Here's an idea: play every nonconference game at the same time on the same court. Yeah! /markhollis'd.

Here's a better idea: expand the preseason tourney exemption to move away from one-weekend events played on neutral courts to a mini-me version of a cup competition in which regular season champions from the previous year square off on randomly-drawn home courts until you get to a final four, which is at MSG or bid out. There are 33, so one play-in game, three weeks of Friday night games, and then a Final Four. Silverware that means something and packs out home floors. HOME FLOORS, people.

Consider your travel plans today. Not those travel plans. Joe Lunardi threw out an updated bracket because ten games into the season's as good a time as any. The bracket has Michigan a one seend(!), bringing forth a question and a statement.

The question: what does Joe Lunardi do nine months out of the year?
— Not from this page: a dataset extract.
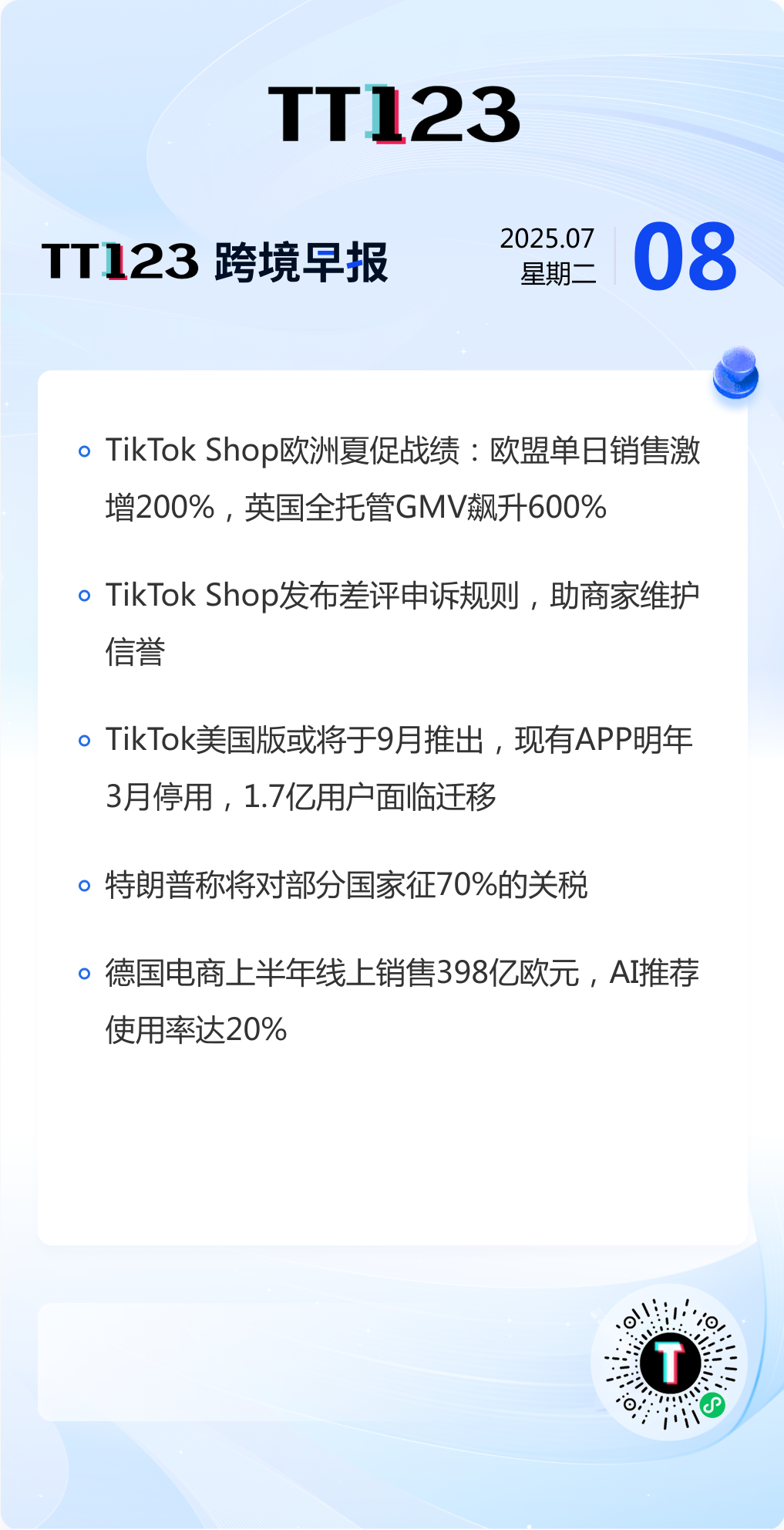查看更多 TikTok Shop欧洲夏促单日爆发超200%/TikTok Shop推出差评申诉规则/TikTok美国版或将于9月推出

The statement: for the first time it looks like the NCAA tournament's decision to break everything into pods and try to get as many top seeds close to home will benefit Michigan, as they're slotted into Auburn Hills in this and any other bracket that bothers to list where people will be.

It will be hard for them to exit that territory since top four seeds usually get priority close to home and there aren't many teams projected to make the top four who would prefer to go to the Palace: MSU, obviously, and then Cincinnati, Notre Dame, and maybe Illinois. With Dayton as another outlet for any of those teams, three or four of them would have to pass Michigan to get that Palace spot. So, yeah.

If Michigan makes the Sweet 16, they'd probably get bumped out of Indianapolis unless they finish above the Hoosiers on the S-Curve. That might not be so bad since they're not playing the regional finals at the basketball arena, but rather the Colts' Stadium. While it will be funny to see Indiana basketball outdraw the Big Ten Championship game significantly, most of those seats are going to be terrible.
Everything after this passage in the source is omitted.